Certes, depuis plus de quarante années que fonctionne réellement le nucléaire à vocation industrielle, il existe un code de bonnes pratiques tant pour l'administration que pour les exploitants. Mais force est de constater qu'il reposait avant tout sur un cadre réglementaire et un ensemble évolutif de ce que l'on a coutume d'appeler le retour d'expérience.
Le projet de loi relatif à la transparence et à la sécurité en matière nucléaire était donc très attendu, non seulement par les parlementaires, mais aussi et surtout par l'opinion publique, par nos concitoyens.
Ce texte apporte un cadre législatif utile et nécessaire à une problématique qui reste délicate et sera au centre des préoccupations dans les années à venir.
Sur le fond, il est clair que ce projet de loi est utile en ce qu'il donnera une véritable assise juridique et publique en matière de transparence, de sûreté nucléaire et de radioprotection.
Notre arsenal reposait jusqu'alors, d'une part, sur deux ou trois lignes de la loi de 1961 relative à la lutte contre les pollutions atmosphériques et les odeurs et, d'autre part, sur la loi de 1980 sur le transport de matières nucléaires. Trente ans, ou presque, se sont écoulés. Cette période a été marquée par un grand embarras ; nous partagions alors le sentiment selon lequel moins on en parlait, moins on risquait de rencontrer de problèmes. Cette époque est, heureusement, totalement révolue.

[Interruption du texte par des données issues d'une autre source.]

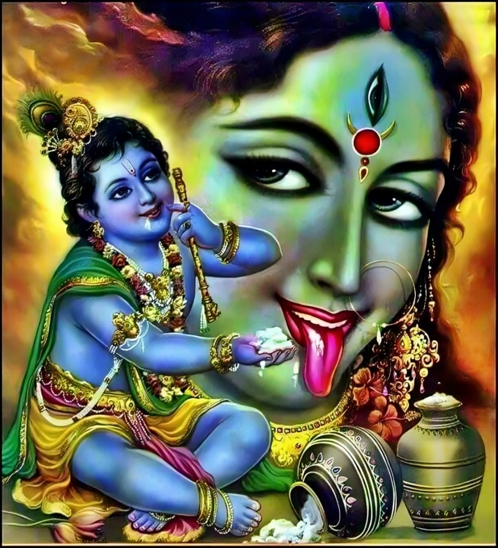 То есть, когда проводятся параллели между десятью Махавидьями (десятью тантрическими женскими божествами) и десятью аватарами Вишну, Кришна всегда отождествляется с Кали. Либо он - воплощение Кали, либо он - её сын.

En faisant référence à deux principes fondamentaux déjà reconnus en matière d'environnement, le principe du pollueur-payeur et celui de participation du public, ce texte se situe parfaitement au centre des préoccupations actuelles, à un moment où le besoin de transparence et l'exigence de sécurité par rapport à des activités dangereuses dépassent le cercle des riverains des installations nucléaires.
Toutefois, la véritable nouveauté de ce projet de loi, qui a fait suite à la lettre rectificative du 22 février dernier, réside dans la création d'une institution indépendante du pouvoir politique, l'Autorité de sûreté nucléaire.
Ce projet de loi prévoit de conférer à cette dernière des missions et de lui accorder des moyens étendus pour lui permettre de contrôler le respect de grands principes.
Il est vrai que des débats et des inquiétudes se sont cristallisés autour de cette autorité indépendante. Que faut-il en penser vraiment ?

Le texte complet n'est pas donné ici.